I worried about my friends moving about as if nothing was going on. I obsessively watched the news as the numbers ticked upward, the death toll climbing. I recoiled when the man in the detergent aisle touched my arm in thanks after I recommended a particular dryer sheet when he didn’t know which one to choose. I wondered if his touch was about the dryer sheet or just a reason to connect with another human being. A natural grounding response in heightened times of anxiety. In that moment we were all human doings, stocking up on things that are on the checklist, making sure we have what we need, should we have to be home for weeks on end.

I was making myself so anxious that I could barely breathe. I was shutting down to the point that I didn’t even want to respond to calls, texts, emails, anything. I just wanted to tend to my fear. I could feel the darkness begin to surround me.

In my morning reading from “Lessons from the Mat”, I was reminded of the Indigo Girls lyric in their song CloserTo Fine, “The darkness has a hunger that’s insatiable. And the lightness has a call that’s hard to hear”. I was feeding that hunger.

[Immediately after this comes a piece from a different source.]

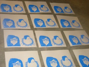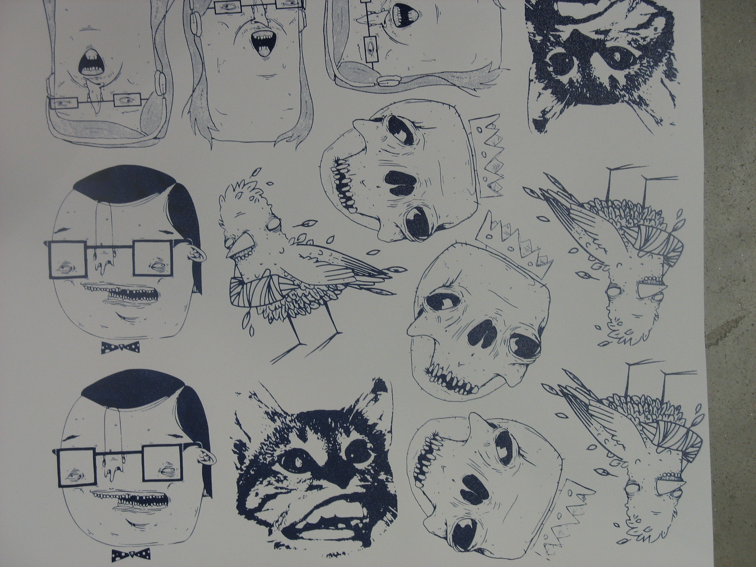 things have been hectic because we’ve been preparing a lot of new product to share with all of you.  we have full color postcards, five new sticker designs, and four new mini prints that we’ll be selling for only five dollars each! we’re going to debut everything this saturday, but here are a few sneak peek photos of our process these last two weeks.

I thought about my friend Keryl McCord, who quotes Valerie Kaur’s powerful question, “What if this is not the darkness of the tomb, but the darkness of the womb?” If that is true, what might be trying to be birthed? A world where life is simpler? A world where we work together? A world where there is not the other, only us? But birthing is painful, bloody and hard.

I thought about the podcast episode of All My Relations, I had listened to a few days earlier where 2 Native women (Matika Wilbur and Adrienne Keene) talked about a question, “How will you feed the people?” They talked about feeding not only in the way of food, but in the way of our gifts. What gifts can we bring to help in this crisis? What contribution can I make, what contribution can you make? And we all can make a contribution to help in this time.

I felt myself move from terror to curiosity and then to hope. Once curiosity was activated, questions came. Once hope was activated, so was my creativity and I was able to think of ways to be of service.

There might be terror and fear again, but I remember that path to curiosity and to hope and to creativity, I will remind myself to follow the breadcrumbs. I will remind myself to give of my gifts and I encourage you to do the same. And if all that fails, you can remind me. I don’t know what the answer is to my lack of income, yet. But I know hope gets me closer to that answer than fear.

Talking to a coaching client, she encouraged me to share my thoughts with others. Maybe that is one way I can offer something,

It is normal and ok to be scared at times like these. Maybe more than scared. The call is to not let yourself stay there. To not let being scared be the only thing you feel and the only thing you experience.

On a call with Alternate Roots, my friend Nick Slie quoted his mom who said “we have generosity in our DNA.”

We are each other’s medicine. As artists, as makers, as a community, we all have something to “feed the people '' And in offering that, we help each other and ourselves. With deep love I ask, “So, how will YOU feed the people?”